Stored dataset items:
━━━━━━━━━━

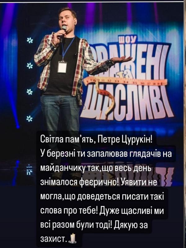 «Світла память, Петре Цурукін! У березні ти запалював глядачів на майданчику так, що весь день знімалося феєрично. Уявити не могла, що доведеться писати такі слова про тебе! Дуже щасливі ми тоді всі разом були. Дякую за захист», — написала ведуча Роза Альнамрі.
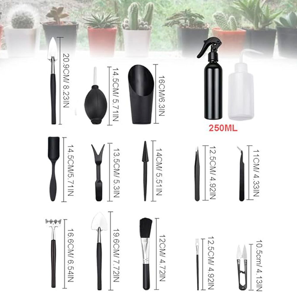 Комплект инструментов для создания флорариума и посадки суккулентов 16 в 1 - этот набор инструментов для ухода за флорариумами и суккулентами станет отличным дополнением к вашим садовым принадлежностям. С инструментами, оснащенными удобной эргономичной ручкой, пересадка и уход за растениями станут проще и безопаснее. Каждый инструмент спроектирован для обеспечения правильного ухода за вашими суккулентами, минимизируя риск повреждения растений.
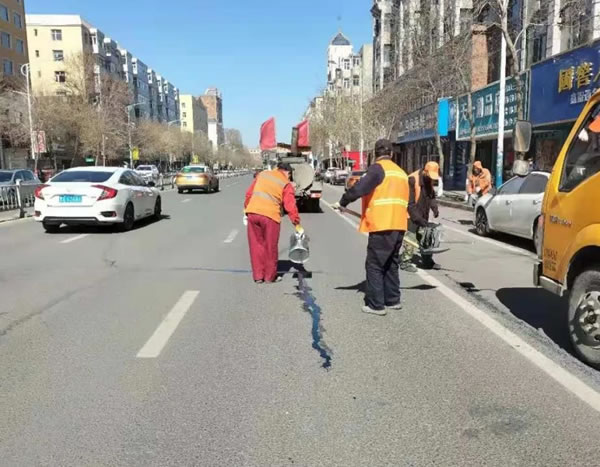 養(yǎng)護人員用吹風(fēng)機將裂縫中灰塵和雜物吹凈,然后將熱熔后的密封膠注入裂縫中,冷卻后恢復(fù)交通。專業(yè)技術(shù)人員跟班作業(yè),全程指導(dǎo)施工,狠抓清縫、灌注等關(guān)鍵環(huán)節(jié),做到清縫徹底、灌縫飽滿、路面整潔、線條美觀,把“精細(xì)養(yǎng)護”理念貫穿工作始終,確保路面養(yǎng)護質(zhì)量。
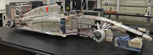 Note the amount of material which has been removed from the structure in order to reduce its weight as much as possible.
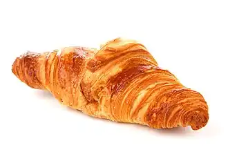 A croissant (/krəˈsɑːnt, ˈk(r)wæsɒ̃/;[1] French: [kʁwasɑ̃] ⓘ) is a French Viennoiserie in a crescent shape made from a laminated yeast dough that sits between a bread and a puff pastry.[2][3]
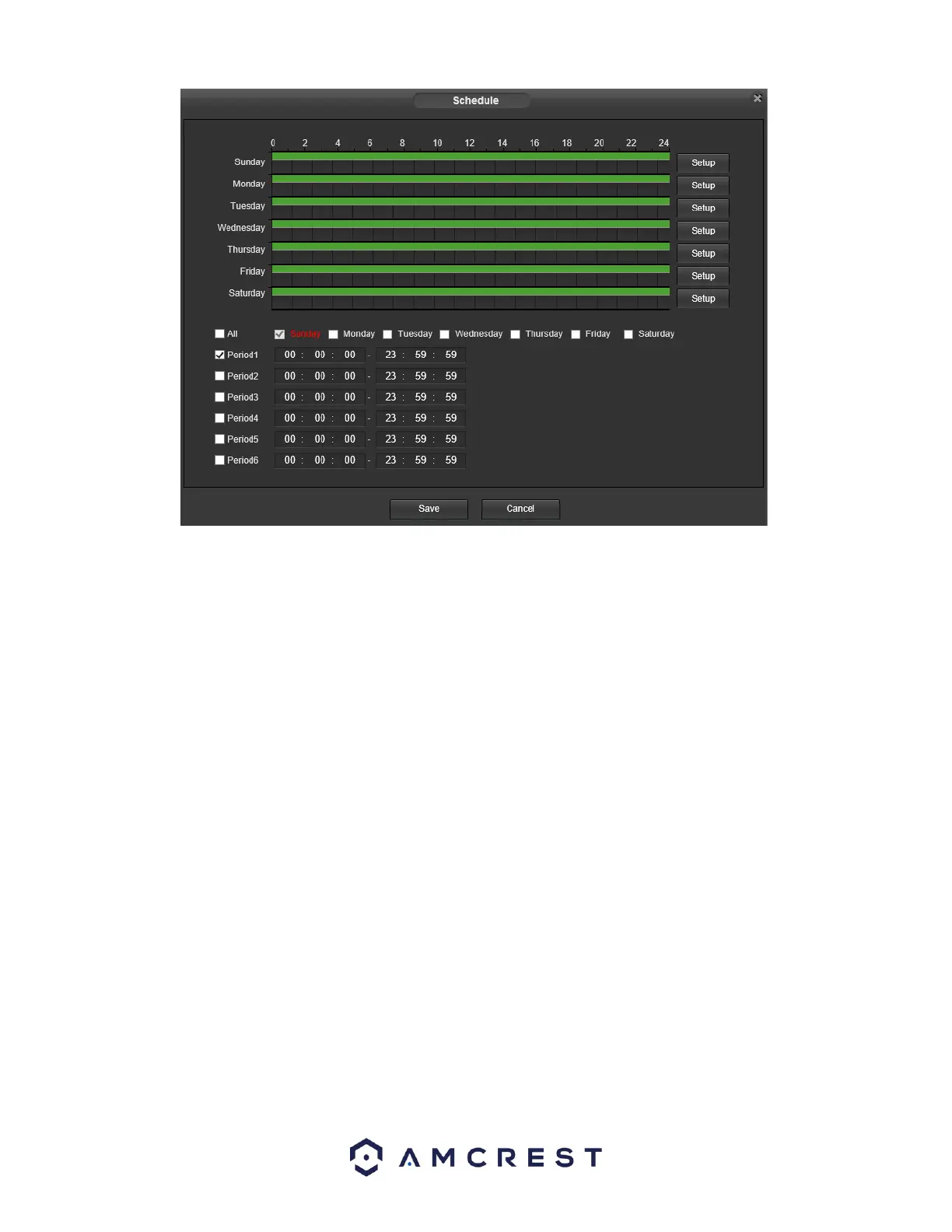 o Click and drag to set video tampering for certain days of the week. Also, periods of video tampering can
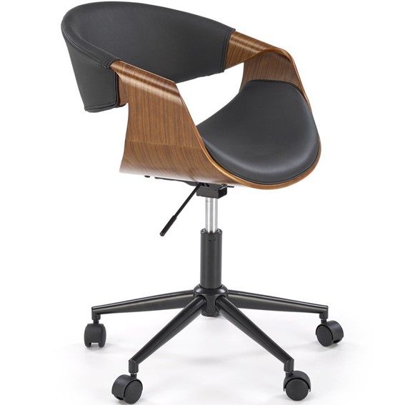 Fotel Bilbo w kolorze orzechowo czarnym emanuje elegancją i klasyką. Odcień orzecha nadaje mu ciepła, podczas gdy czarne detale dodają mu nowoczesnego charakteru. To połączenie kolorów tworzy wyrafinowany wygląd, który doskonale współgra z różnymi aranżacjami gabinetowymi.
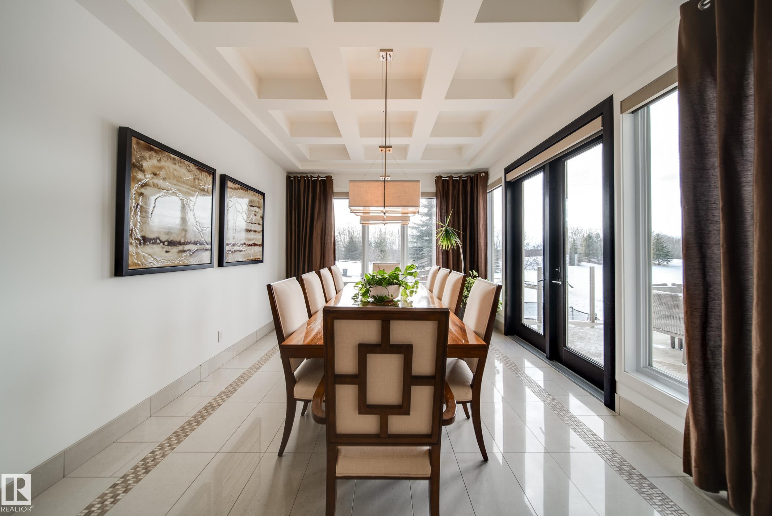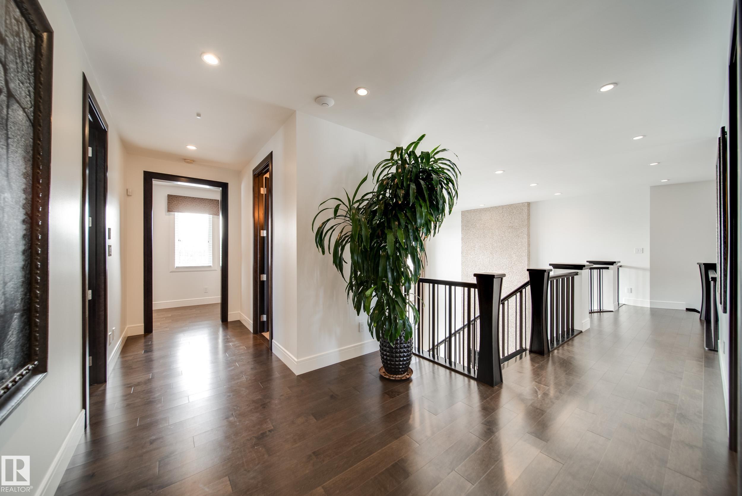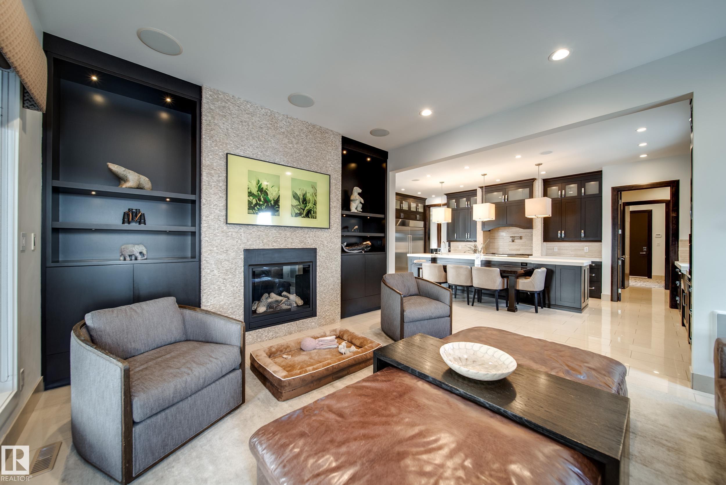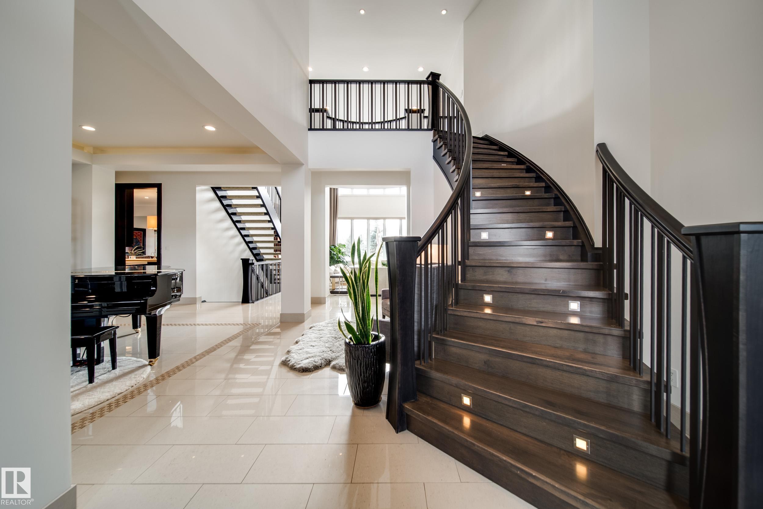 Luxury living in prestigious Blackhawk Estates, just 15 minutes southwest of Edmonton. Situated on a beautifully landscaped 1-acre lot, this exceptional two-storey home backs onto the North Saskatchewan River and fronts the 4th fairway of the renowned Blackhawk Golf Club--hop in your golf cart and head to the course. Offering over 9,000 sq ft of living space with 6,041 sq ft above grade, the home features a main-floor primary retreat with spa-inspired ensuite and dual walk-in closets, plus a private office. Expansive living areas include a chef's kitchen with dining area and cozy living room. A formal great room, wine cellar, and five fireplaces, including a wood-burning fireplace in the three-season room, add warmth and elegance. Upstairs offers 3 bedrooms plus a flex room, while the basement includes a theatre, gym, games area with mini hockey rink, rec room, and bedroom. A true car enthusiast's dream, the 2,400 sq ft garage features vaulted ceilings and a wash bay. This is the best of acreage living!
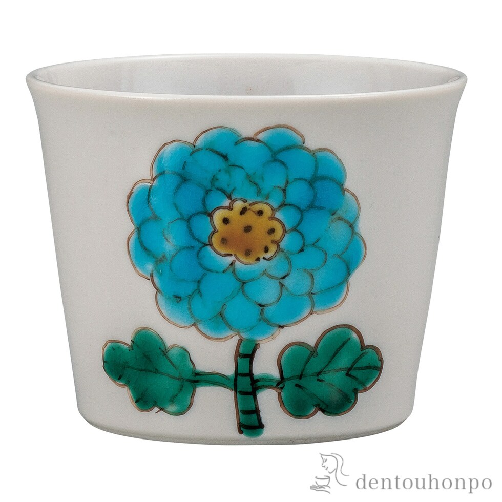 そば猪口 花紋水色 ( そばちょこ コップ 蕎麦猪口 冷酒カップ 来客用 九谷焼 結婚 出産 内祝い 引き出物 金婚式 誕生日プレゼント 還暦祝い 古希 喜寿 )
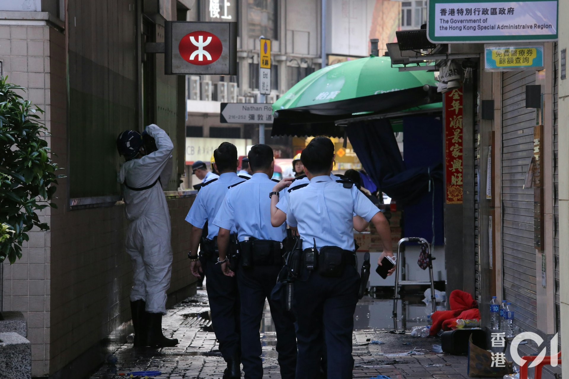 ' e1 l, |& D3 S( S' B佐敦華豐大廈4月10日發生3級火,多人死傷,鑑證人員當日下午到現場調查蒐證。(羅日昇攝)
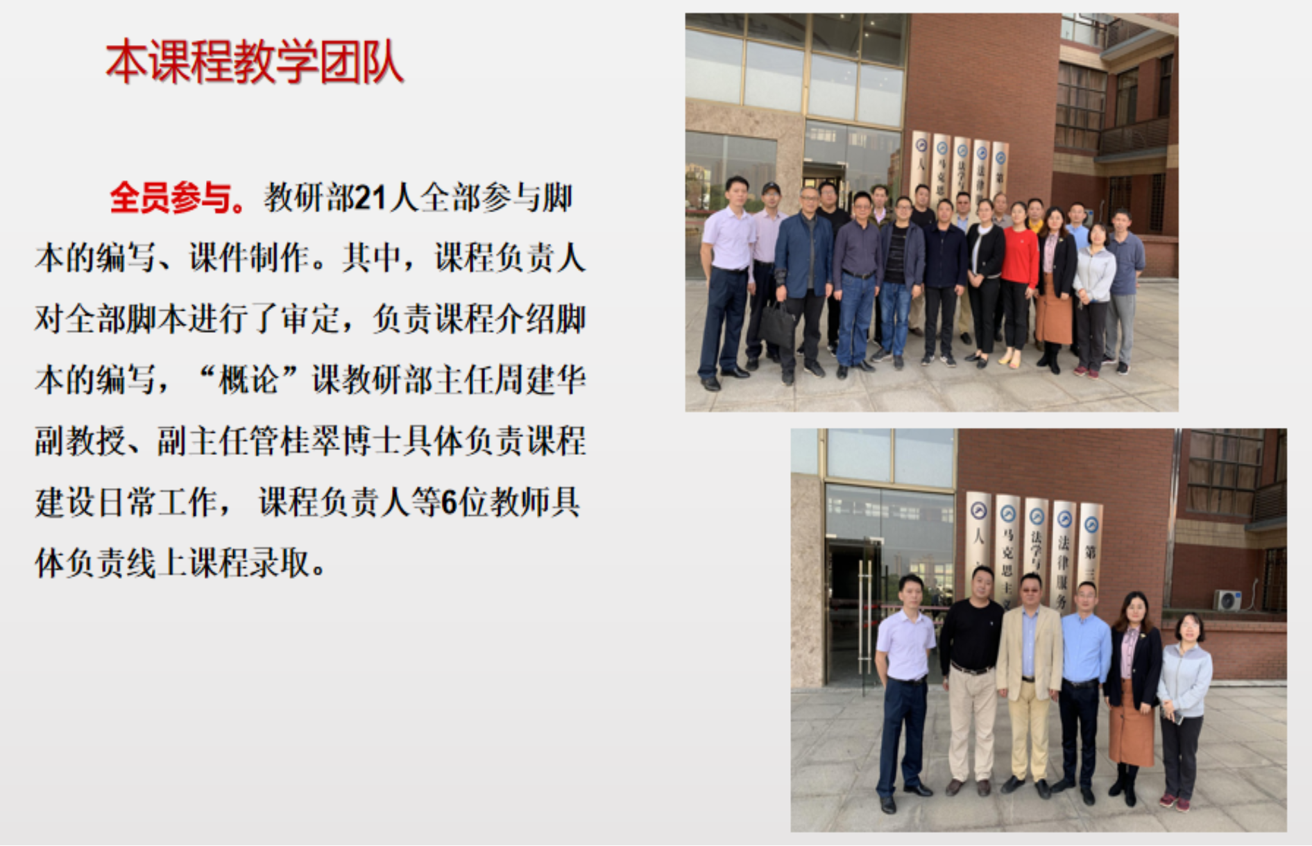 在“概论”课线上课程的制作中,概论课教研部21人全部参与脚本的编写、课件制作。其中,课程负责人对全部脚本进行了审定,负责课程介绍脚本的编写,“概论”课教研部主任周建华副教授、副主任管桂翠博士具体负责课程建设日常工作,课程负责人等6位教师具体负责线上课程录制。课程团队中有教授4人、副教授7人、讲师10人,博士17人、硕士4人。团队成员主持过教育部哲学社会科学重大课题攻关项目1项、国家社科基金项目7项,主持教育部、中宣部项目9向,主持省社科基金重大专项1项,多人次获得省级、校级教学竞赛、“示范课堂”“优秀教案”“优秀课件”“数字化教学资源”奖项。
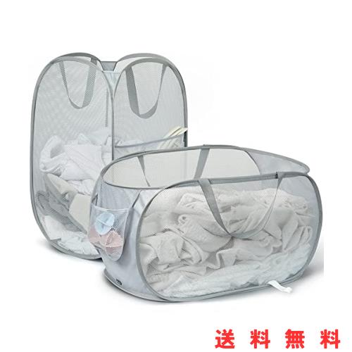 ■J.K.T ランドリー バスケット 洗濯カゴ 折りたたみ 大容量 55L メッシュ ランドリーバッグ 持ち運び 洗濯物入れ 超軽量 収納 旅行 二重収

━━━━━━━━━━

What you will do => Output all the data, exactly, without images.

Solution to this task =>
 «Світла память, Петре Цурукін! У березні ти запалював глядачів на майданчику так, що весь день знімалося феєрично. Уявити не могла, що доведеться писати такі слова про тебе! Дуже щасливі ми тоді всі разом були. Дякую за захист», — написала ведуча Роза Альнамрі.
 Комплект инструментов для создания флорариума и посадки суккулентов 16 в 1 - этот набор инструментов для ухода за флорариумами и суккулентами станет отличным дополнением к вашим садовым принадлежностям. С инструментами, оснащенными удобной эргономичной ручкой, пересадка и уход за растениями станут проще и безопаснее. Каждый инструмент спроектирован для обеспечения правильного ухода за вашими суккулентами, минимизируя риск повреждения растений.
 養(yǎng)護人員用吹風(fēng)機將裂縫中灰塵和雜物吹凈,然后將熱熔后的密封膠注入裂縫中,冷卻后恢復(fù)交通。專業(yè)技術(shù)人員跟班作業(yè),全程指導(dǎo)施工,狠抓清縫、灌注等關(guān)鍵環(huán)節(jié),做到清縫徹底、灌縫飽滿、路面整潔、線條美觀,把“精細(xì)養(yǎng)護”理念貫穿工作始終,確保路面養(yǎng)護質(zhì)量。
 Note the amount of material which has been removed from the structure in order to reduce its weight as much as possible.
 A croissant (/krəˈsɑːnt, ˈk(r)wæsɒ̃/;[1] French: [kʁwasɑ̃] ⓘ) is a French Viennoiserie in a crescent shape made from a laminated yeast dough that sits between a bread and a puff pastry.[2][3]
 o Click and drag to set video tampering for certain days of the week. Also, periods of video tampering can
 Fotel Bilbo w kolorze orzechowo czarnym emanuje elegancją i klasyką. Odcień orzecha nadaje mu ciepła, podczas gdy czarne detale dodają mu nowoczesnego charakteru. To połączenie kolorów tworzy wyrafinowany wygląd, który doskonale współgra z różnymi aranżacjami gabinetowymi.
 Luxury living in prestigious Blackhawk Estates, just 15 minutes southwest of Edmonton. Situated on a beautifully landscaped 1-acre lot, this exceptional two-storey home backs onto the North Saskatchewan River and fronts the 4th fairway of the renowned Blackhawk Golf Club--hop in your golf cart and head to the course. Offering over 9,000 sq ft of living space with 6,041 sq ft above grade, the home features a main-floor primary retreat with spa-inspired ensuite and dual walk-in closets, plus a private office. Expansive living areas include a chef's kitchen with dining area and cozy living room. A formal great room, wine cellar, and five fireplaces, including a wood-burning fireplace in the three-season room, add warmth and elegance. Upstairs offers 3 bedrooms plus a flex room, while the basement includes a theatre, gym, games area with mini hockey rink, rec room, and bedroom. A true car enthusiast's dream, the 2,400 sq ft garage features vaulted ceilings and a wash bay. This is the best of acreage living!
 そば猪口 花紋水色 ( そばちょこ コップ 蕎麦猪口 冷酒カップ 来客用 九谷焼 結婚 出産 内祝い 引き出物 金婚式 誕生日プレゼント 還暦祝い 古希 喜寿 )
 ' e1 l, |& D3 S( S' B佐敦華豐大廈4月10日發生3級火,多人死傷,鑑證人員當日下午到現場調查蒐證。(羅日昇攝)
 在“概论”课线上课程的制作中,概论课教研部21人全部参与脚本的编写、课件制作。其中,课程负责人对全部脚本进行了审定,负责课程介绍脚本的编写,“概论”课教研部主任周建华副教授、副主任管桂翠博士具体负责课程建设日常工作,课程负责人等6位教师具体负责线上课程录制。课程团队中有教授4人、副教授7人、讲师10人,博士17人、硕士4人。团队成员主持过教育部哲学社会科学重大课题攻关项目1项、国家社科基金项目7项,主持教育部、中宣部项目9向,主持省社科基金重大专项1项,多人次获得省级、校级教学竞赛、“示范课堂”“优秀教案”“优秀课件”“数字化教学资源”奖项。
 ■J.K.T ランドリー バスケット 洗濯カゴ 折りたたみ 大容量 55L メッシュ ランドリーバッグ 持ち運び 洗濯物入れ 超軽量 収納 旅行 二重収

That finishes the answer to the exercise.